Throughout the course of this article, I will cover the arguments claimed most often when talking about GitOps/ClickOps, and explain the basics of Crossplane. Afterward, I’ll conduct a little experiment: I will deploy two Azure Databases for PostgreSQL servers, once via Azure’s web dashboard, and once using Crossplane.
GitOps and ClickOps⌗
Before starting with my own personal experiment, I’ll need to define what I’m referring to when mentioning GitOps or ClickOps, respectively. GitOps is the idea of manifesting your software’s (and infrastructure’s) desired state and configuration as code and committing it to version control, where it will be deployed from using tools such as ArgoCD or Flux.
ClickOps is the opposite - infrastructure and application configuration is handled by the operator/developer manually by executing a series of clicks in a dashboard, web UI, or any other way that requires manual interaction.
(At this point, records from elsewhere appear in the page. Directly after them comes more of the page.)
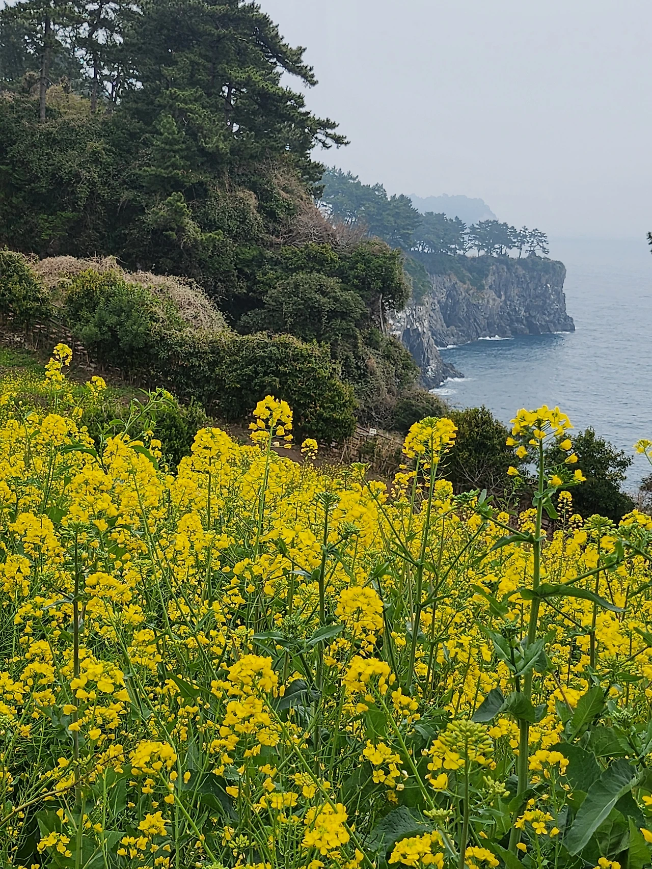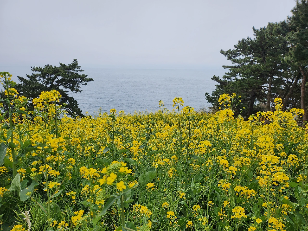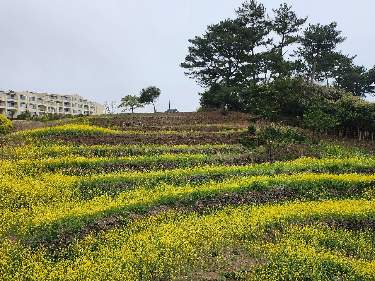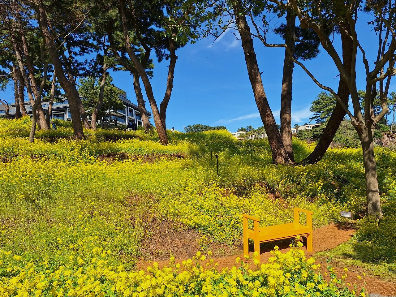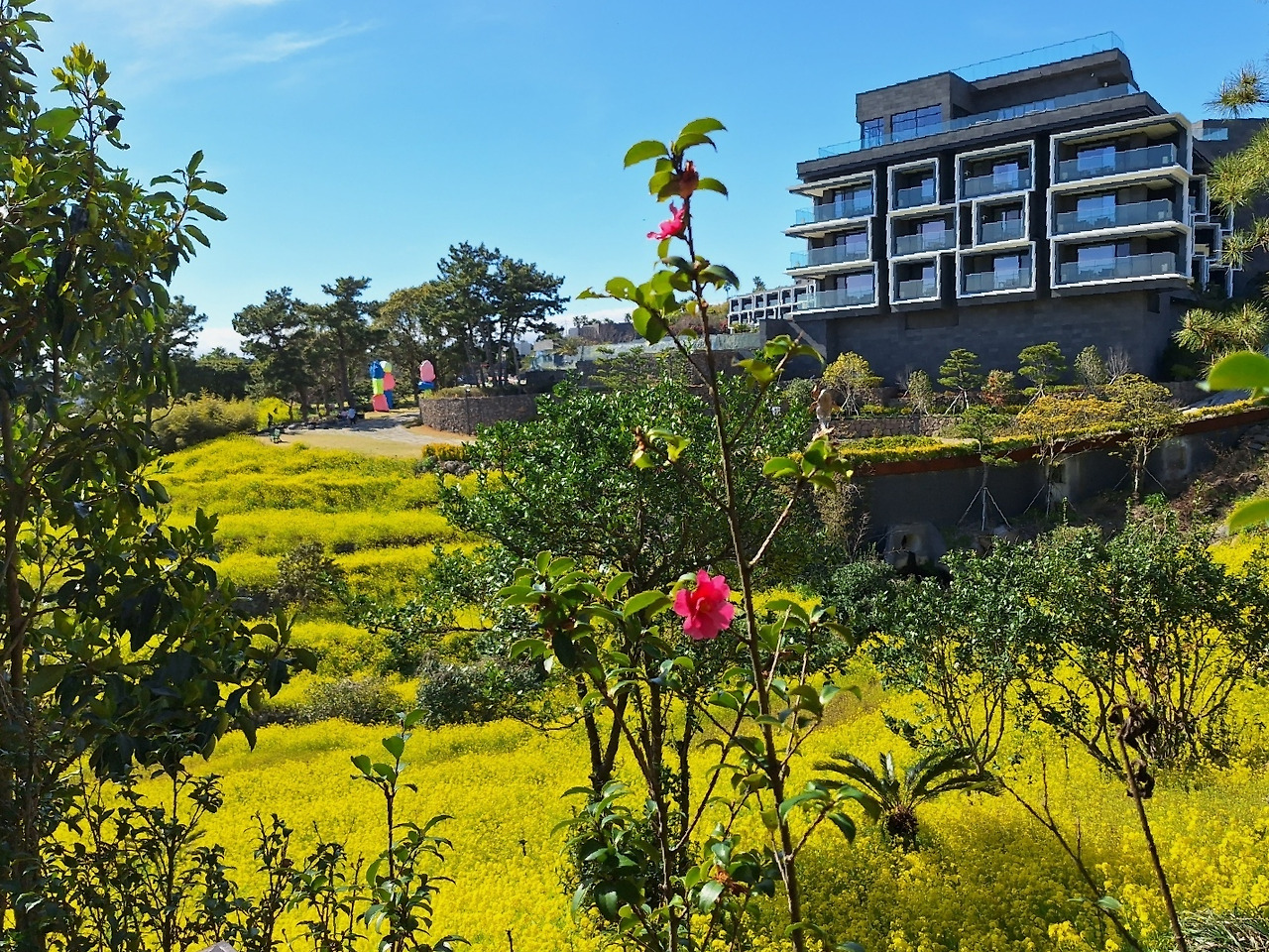 이태 전 돔베낭골에서 외돌개로 걷다가 새로 오픈한 호텔 정원에 흐드러진 유채꽃물결을 만나 감탄사 발했던 터다.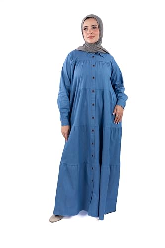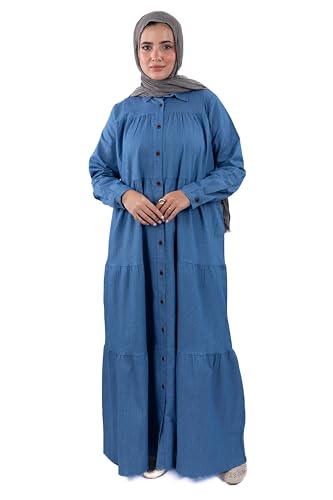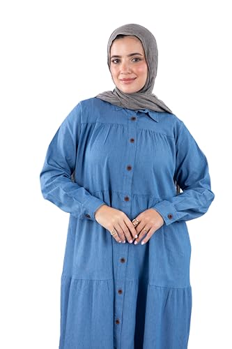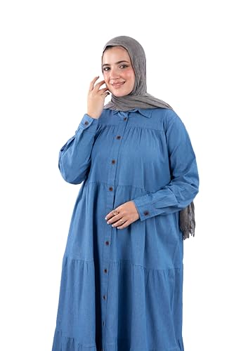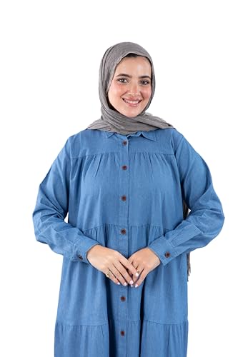 Pinky - Jeans Pleated Flowy Dress For Women with Long sleeves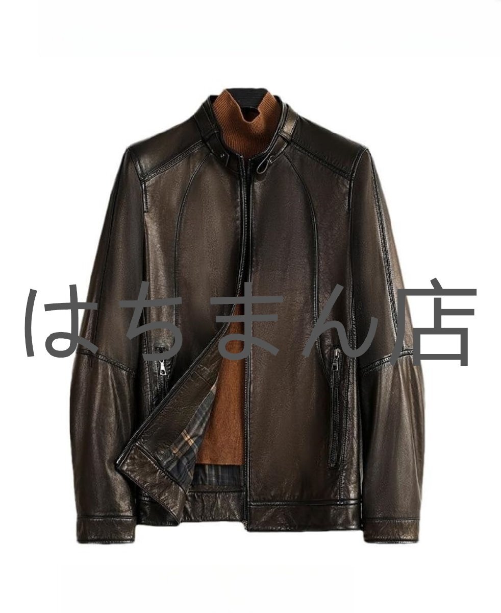 > 革ジャン メンズ 本革 レザージャケット 皮ジャン ワックス 丈夫 長持ち バイクジャケッ 本革ジャケット ブルゾン 秋冬 ブラウン L-5XL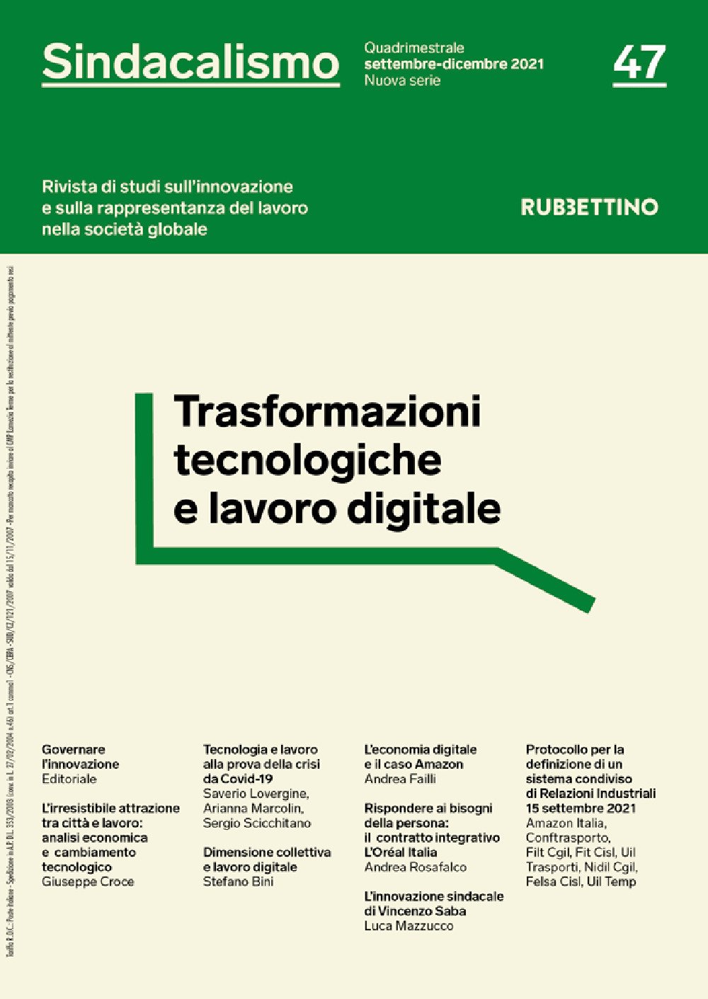 Sindacalismo. Rivista di studi sull'innovazione e sulla rappresentanza del lavoro nella società globale. Vol. 47: Trasformazioni tecnologiche e lavoro digitale | Libri antichi e moderni |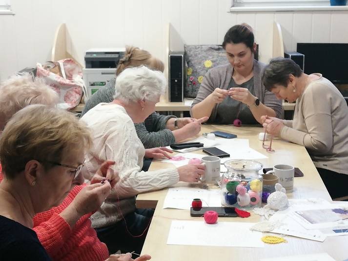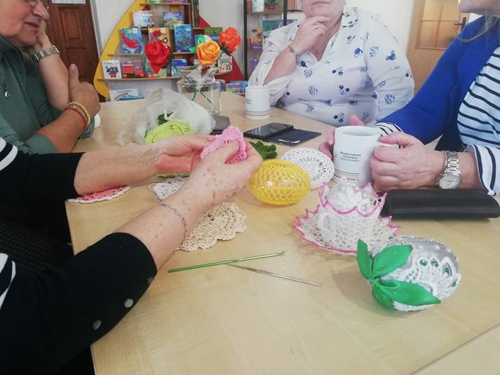 Biblioteka to dobre miejsce na naukę oraz rozwijanie swoich pasji i zainteresowań. Organizowane przez bibliotekę czwartkowe warsztaty rękodzieła sprawiają uczestniczkom wiele przyjemności oraz pozwalają na zdystansowanie się do problemów dnia codziennego. Obecnie spędzamy czas szydełkowaniu i choć praca z szydełkiem wymaga cierpliwości, dokładności, skupienia i oczywiście poznania techniki, to już powstały pierwsze prace, godne uwagi i podziwu.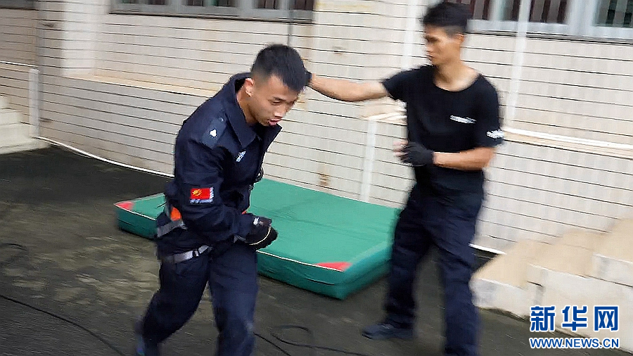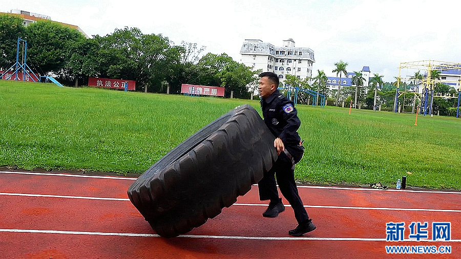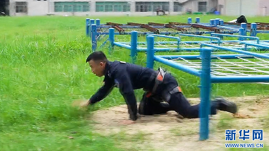 钻过10米低桩网、翻越2.4米高板、通过空中软网……这些锻炼项目是警察的日常科目。新华网发(博罗融媒 供图)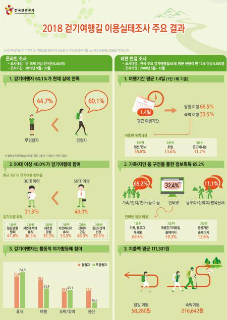 이번 조사는 전국 56개 걷기여행길에서 만 15세 이상의 걷기여행자 5,890명에 대한 대면면접조사와 전 국민 5,000명을 상대로 한 온라인 조사로 실시됐고, 표준오차는 ±1.39%이다. 국내에 소재하는 걷기여행길은 2007년 제주올레, 2008년 지리산둘레길 개장을 시작으로 현재까지 약 550개이며, 걷기여행길 누리집인 ‘두루누비'에 소개되고 있다. ’걷기여행’은 타 지역의 걷기여행길을 방문해 지역의 자연,문화,역사를 감상하고 체험하는 활동으로, 생활체육 걷기와는 구분된다.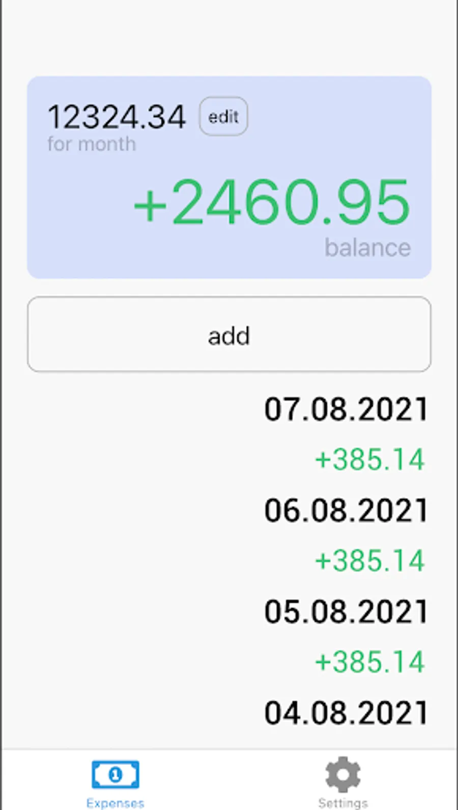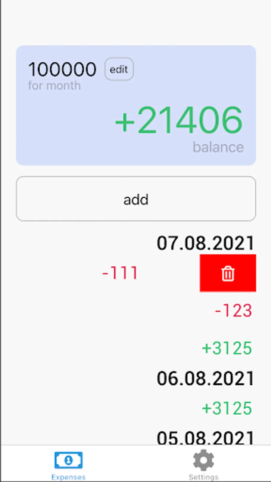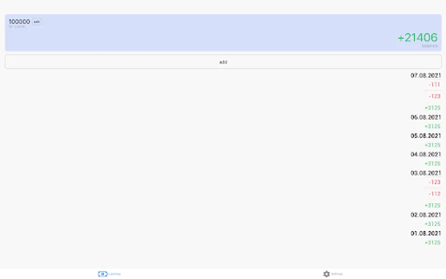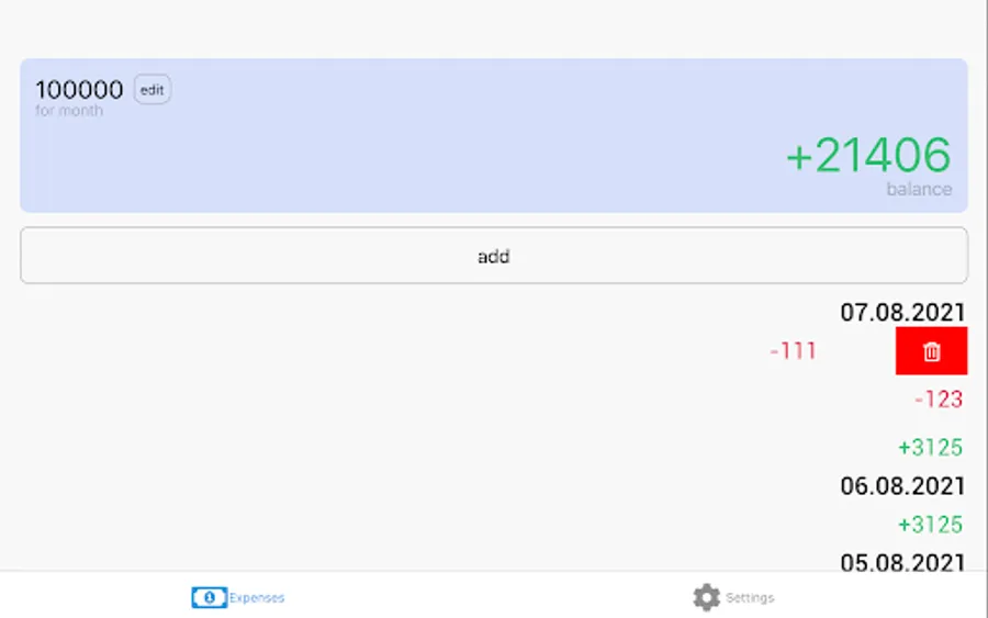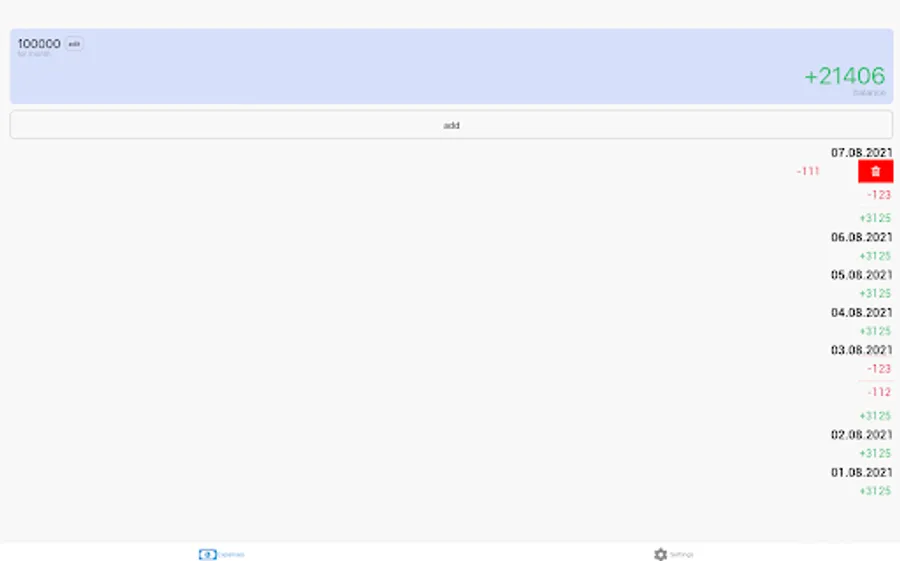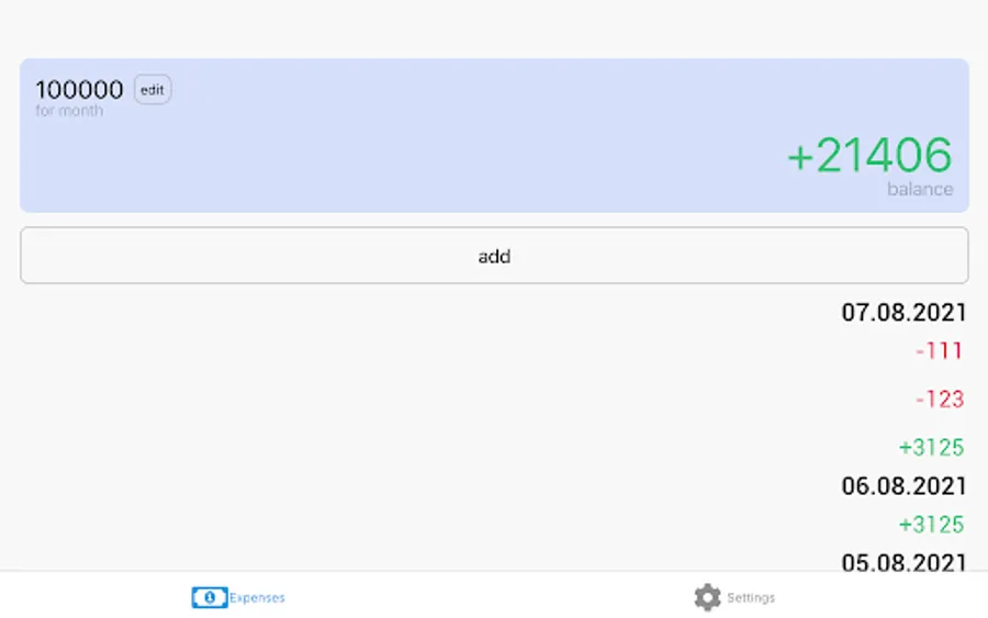 Setup sum for a month and it will divide to days. Daily sum will add to balance every day. Adding expenses will decrease the balance.

Both approaches have pros and cons: GitOps allows you to keep track of changes to your configuration, and the git repository serves as a single source of truth. On the other hand, developers and platform teams must learn new tooling and often configuration languages, e.g., HCL (Hashicorp Configuration Language), when using Terraform.
ClickOps enables less technical users to configure their needed infrastructure and application state by making a human-readable interface available. This comes at a cost: It’s harder to persist and track changes made, and configuration is more likely to diverge once multiple team members configure their shared projects via UI.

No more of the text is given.